I would *NEVER* take a shot where there is a likelihood of hitting/wounded another animal as part of the scenario. A 'calm' animal CAN jump the string, an alert animal looking at you most likely WILL. The last buck I shot way back in 2001 was trotting away from me at an angle. I cow chirped and he stopped at 47 yards looking right at me. I released my arrow and the buck didn't duck, but he did kick at the arrow. He broke off the last 4 inches of my XX78 off. Luckily the rest of the arrow did a complete pass through. I instantly regretted taking that shot, and still re-live it every time I see a nice buck. If I am ever in a similar situation again, I will NOT take the shot, even though I am now a much better shot today than I was then. It was too far, and the animal was too alert. Even though the animal quickly expired, it was a HORRIBLE shot.


----------



## InvaderZim (Sep 7, 2007)

Jump, smump! 

You guys are just missing!

:mrgreen:


----------



## Justice (Dec 22, 2007)

Hey pro, I am a little confused about your post. Are you saying the buck saw the arrow coming and he kicked at the arrow? As in directly at the arrow or was he just jumping the sound of the bow?


----------



## Mojo1 (Sep 8, 2007)

elk22hunter said:


> I've had buckies do the opposit also. I have been following a deer as it is walking, keeping the sight right in front of his shoulder to lead him a bit so I don't hit too far back and then when I shoot, he stops to see what the noise was and the arrow flys right in front of him, and right where I was aiming.


+1 Had the same happen once, that why they say never shoot at a moving deer. :wink:

I've killed a bunch of whitetails with a bow, had a few jump the string and duck under the shot, solution to this problem tuck your pin down low and release, that way they duck into the shot.

They are right, an alert nervous deer is a lot more likely to jump the string than one just feeding away.


----------



## proutdoors (Sep 24, 2007)

Justice said:


> Hey pro, I am a little confused about your post. Are you saying the buck saw the arrow coming and he kicked at the arrow? As in directly at the arrow or was he just jumping the sound of the bow?

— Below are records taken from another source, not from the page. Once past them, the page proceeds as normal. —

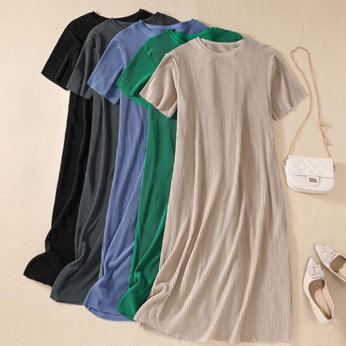 [옷자락] [시즌오프]라운드 골지 플리츠 주름 원피스 여름 반팔_5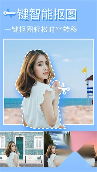美图编辑大师安卓版拥有一键抠图的功能,能够智能抠图并更换背景,用户可以轻松给照片更换背景,或是创造出有趣的合成效果。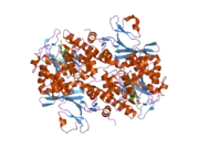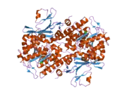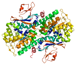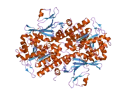 eNAMPT/PBEF/visfatin was originally cloned as a putative cytokine shown to enhance the maturation of B cell precursors in the presence of Interleukin-7 (IL-7) and stem cell factor, it was therefore named "pre-B cell colony-enhancing factor" (PBEF).[6] When the gene encoding the bacterial nicotinamide phosphoribosyltransferase (nadV) was first isolated in Haemophilus ducreyi, it was found to exhibit significant homology to the mammalian PBEF gene.[18] Rongvaux et al.[19] demonstrated genetically that the mouse PBEF gene conferred Nampt enzymatic activity and NAD-independent growth to bacteria lacking nadV. Revollo et al.[20] determined biochemically that the mouse PBEF gene product encodes an eNAMPT enzyme, capable of modulating intracellular NAD levels. Others have since confirmed these findings.[21] More recently, several groups have reported the crystal structure of Nampt/PBEF/visfatin and they all show that this protein is a dimeric type II phosphoribosyltransferase enzyme involved in NAD biosynthesis.[22][23][24]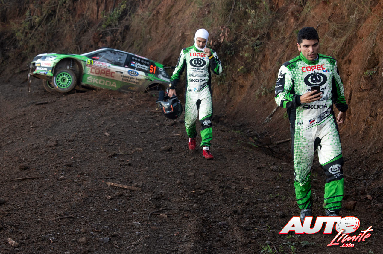 Jorge Martínez y Alberto Álvarez tras sufrir una salida en su Skoda Fabia R5 WRC2 durante el Rally de Chile 2019, puntuable para el Campeonato del Mundo de Rallies WRC2.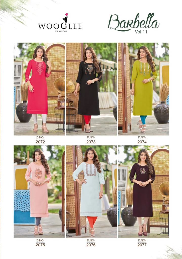 Shop Wooglee Barbella Vol 11 Heavy Rayon Embroidery Kurti Collection Available At Wholesale Rate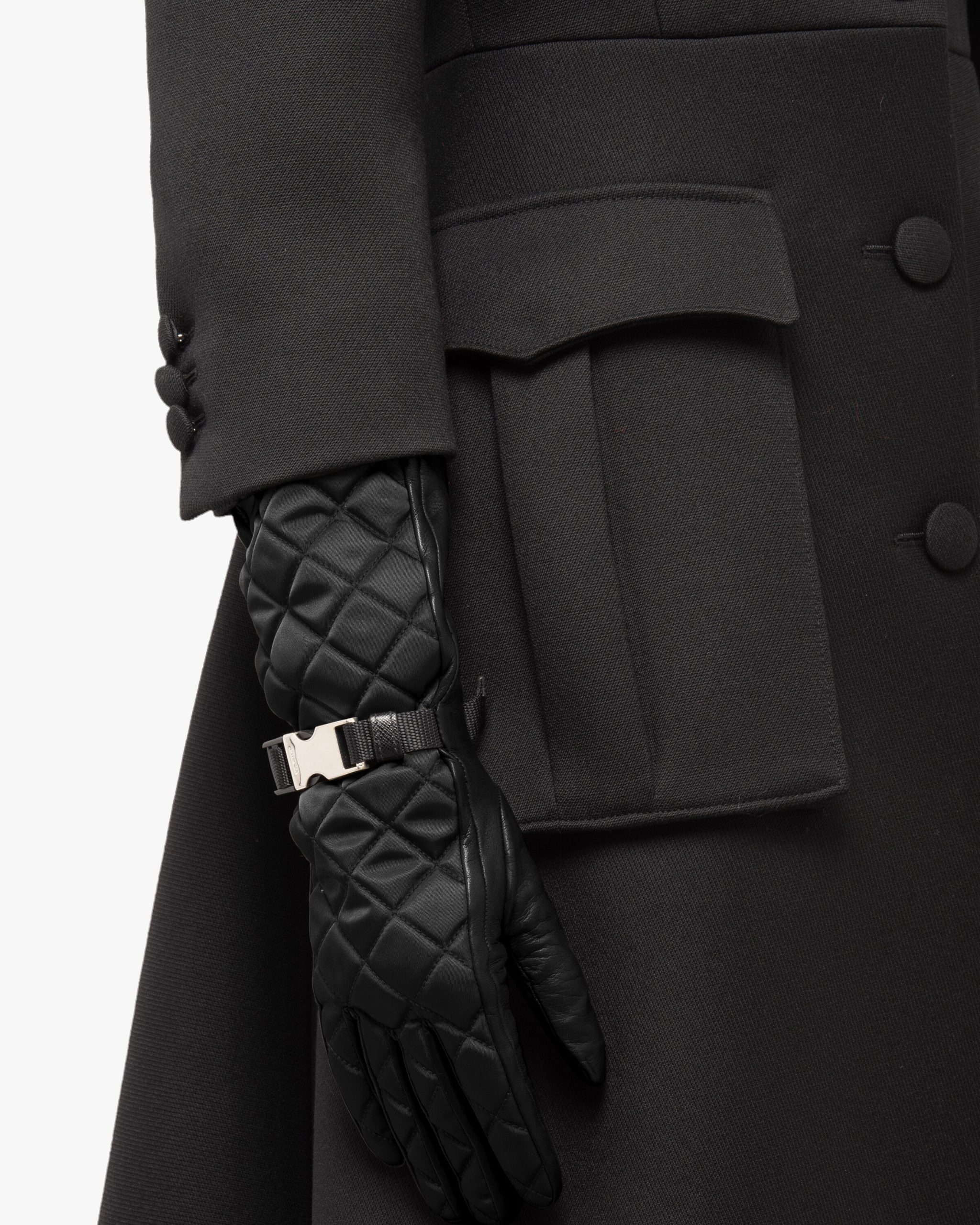 Characterized by sophisticated stitching, iconic nylon Prada meets nappa leather in these elegant tapered gloves. They have a metal buckle on the wrist and cashmere lining.

The buck kicked at the arrow with his left hind foot and broke the arrow as it entered the left side of his chest. Between the contact of the arrow and him kicking at the arrow he fell over and rolled right back up. I wouldn't have believed it myself if not for seeing it with my own eyes. wapiti67 was a eyewitness to the event as well. The buck was looking right at me and I am positive he saw the arrow just as it got to him.


----------



## COOPERD (Sep 16, 2007)

I had the same thing happen while muzzeloader hunting a few years back, I shot at a buck and it kicked my bullet out of the air, strangest thing.


----------



## wapiti67 (Oct 2, 2007)

I did witness that event...I still can't believe an animal can move that fast....****!! But it's a testament to the fact, that the arrow still had enough energy left to continue on through, and knock the buck DOWN.
I had a bull duck my arrow at 20 yrds in 2003. Pissed me off so bad.


----------



## proutdoors (Sep 24, 2007)

wapiti67 said:


> I did witness that event...I still can't believe an animal can move that fast....****!! But it's a testament to the fact, that the arrow still had enough energy left to continue on through, and knock the buck DOWN.
> *I had a bull duck my arrow at 20 yrds in 2003. **** me off so bad*.


There were no witnesses to that big stinky bull "ducking" your arrow. :shock: :wink: Bull of a lifetime gone in .003 seconds.


----------



## Riverrat77 (Sep 7, 2007)

Mojo1 said:


> solution to this problem tuck your pin down low and release, that way they duck into the shot.
> 
> They are right, an alert nervous deer is a lot more likely to jump the string than one just feeding away.


I was kinda wondering if you'd ring in on here... you're from way down south right?? Around Alabama or something? Thats cool that you've gotten to hunt whitetails down there.... I'd heard that also that you just aim a tad low on your shots that way animals that jump the string go right into your arrow..... does that hold true for all of the shots?? I mean, can you hold a little lower than "right on" on all your shots and still have a reasonable expectation of a killing shot if the animal doesn't jump the string? I don't know if thats a good idea or not, but it would seem that way you're prepared for either circumstance.


----------



## wapiti67 (Oct 2, 2007)

there was no witness because you weren't where you were supposed to be to see the Bull...but I forgive you because when I call the HOGG in for you this year, i'll be where I can see the whole event...and laugh my ass off when you crap your pants after killing the state record...lol


----------



## proutdoors (Sep 24, 2007)

If I get the new state record, I *WILL* crap my pants!


----------



## wapiti67 (Oct 2, 2007)

no worries, we both know where he's hiding...


----------



## Mojo1 (Sep 8, 2007)

Riverrat77 said:


> Mojo1 said:
> 
> 
> > solution to this problem tuck your pin down low and release, that way they duck into the shot.
> ...


Arkansas No it's not foolproof; I've missed under the chest a couple of times when the deer jumped straight up. I don't aim under them; just tuck the pin low on the chest. If you are familiar with your bow and practice a lot you should be able to make that shot. We are always hunting in tree stands shooting at known distances, we use rangefinders. I don't know how well it would work out here using the spot and stalk method;* I defiantly wouldn't use that hold unless I was sure of the exact distance.*

Best advice I have for you guys is, don't shoot at an excited or nervous deer unless you absolutely have to.

I prefer them head down oblivious to what's going to happen. :lol:


----------